Approximate Nearest Neighbor (ANN) benchmark datasets and evaluations often focus on Euclidean distance as a default, but many frameworks and studies explicitly evaluate algorithms under multiple distance metrics. This approach ensures that algorithms are tested for versatility and robustness across different use cases. Here’s how benchmarks typically handle distance metrics:
1. Default Assumption and Common Metrics Most ANN benchmarks start with Euclidean distance (L2) as a baseline because it is widely used in applications like image retrieval, clustering, and regression. For example, datasets like MNIST, SIFT-1M, or Deep Image are often evaluated using L2. However, benchmarks like ANN-Benchmarks or those from research papers (e.g., Aumüller et al., 2020) also include metrics like cosine similarity and inner product (dot product), which are critical for text embeddings (e.g., GloVe) or recommendation systems. Some benchmarks even test Manhattan (L1) or Hamming distance for binary data. These evaluations ensure that algorithms are not overly optimized for a single metric, which could limit real-world applicability.

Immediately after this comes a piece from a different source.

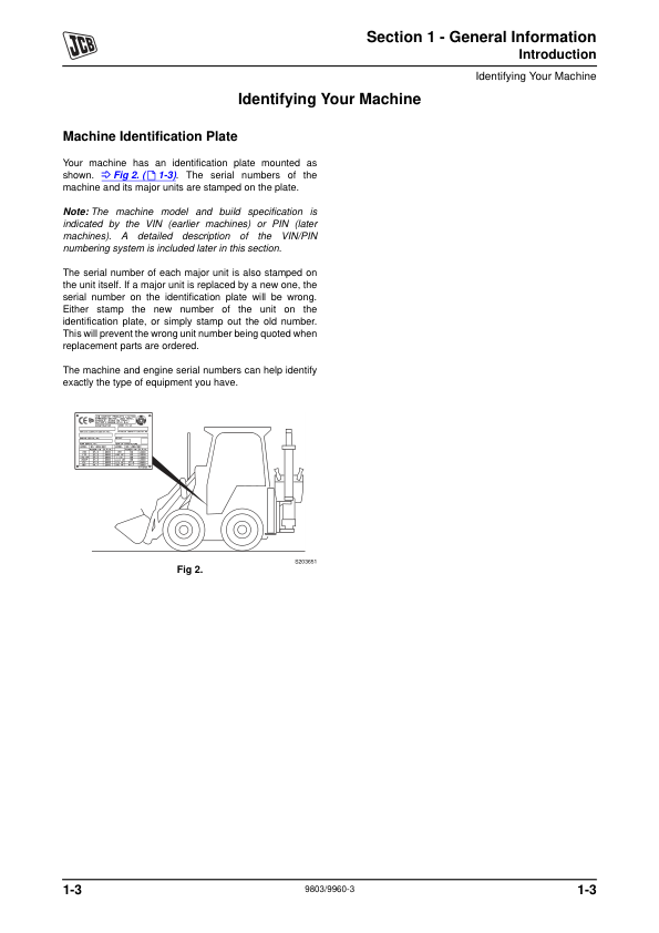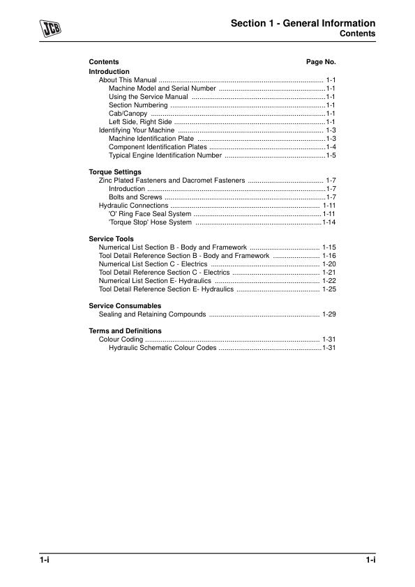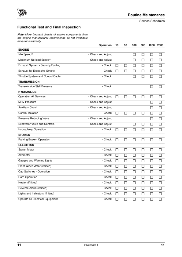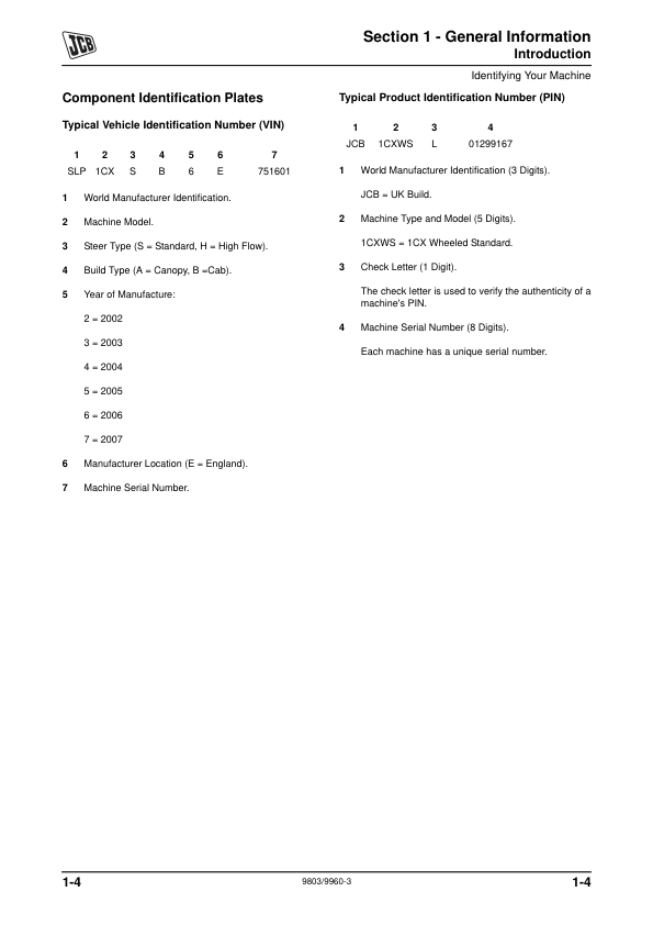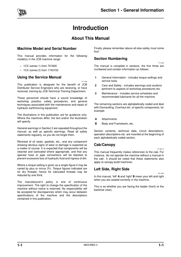 JCB 1CX Mini Backhoe Loader Service Manual 9803/9960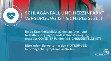 Im Notfall sind wir immer für Euch da! Bitte ruft weiterhin den Notruf 112 an, falls Ihre Symptome habt, die zum Beispiel auf einen Schlaganfall oder Herzinfarkt hinweisen.

2. Dataset-Specific Metric Pairings Certain datasets are inherently tied to specific metrics. For instance, GloVe word vectors are often paired with cosine similarity to measure semantic similarity, while datasets like NYTimes (news articles) might use inner product. Benchmarks like the Big-ANN Challenge or LAION-AI’s evaluations explicitly pair datasets with their natural metrics. Algorithms like FAISS or HNSW are then tested across these pairings to measure consistency. This approach highlights how algorithm performance can vary: tree-based methods (e.g., KD-trees) degrade with high-dimensional cosine similarity, while graph-based methods (eNSG, HNSW) adapt better due to their flexibility in distance computation during graph traversal.
3. Evaluation Frameworks and Customization Tools like ANN-Benchmarks allow users to configure evaluations for multiple metrics, reporting metrics like recall, query time, and index build time for each. Researchers often test algorithms across 3–5 metrics to identify trade-offs. For example, a quantization-based method like IVF-PQ might perform well under L2 but struggle with cosine due to normalization requirements. Open-source frameworks also let users add custom datasets and metrics, encouraging community-driven benchmarking. However, not all studies prioritize multi-metric evaluations—some focus solely on L2 for simplicity, risking biased conclusions about an algorithm’s general effectiveness.
In summary, while Euclidean distance remains a common default, modern ANN benchmarks increasingly stress-test algorithms under diverse metrics. This reflects real-world needs, where data type (text, images, binary) dictates the optimal metric. Developers should verify evaluation setups in benchmarks to ensure alignment with their application’s requirements.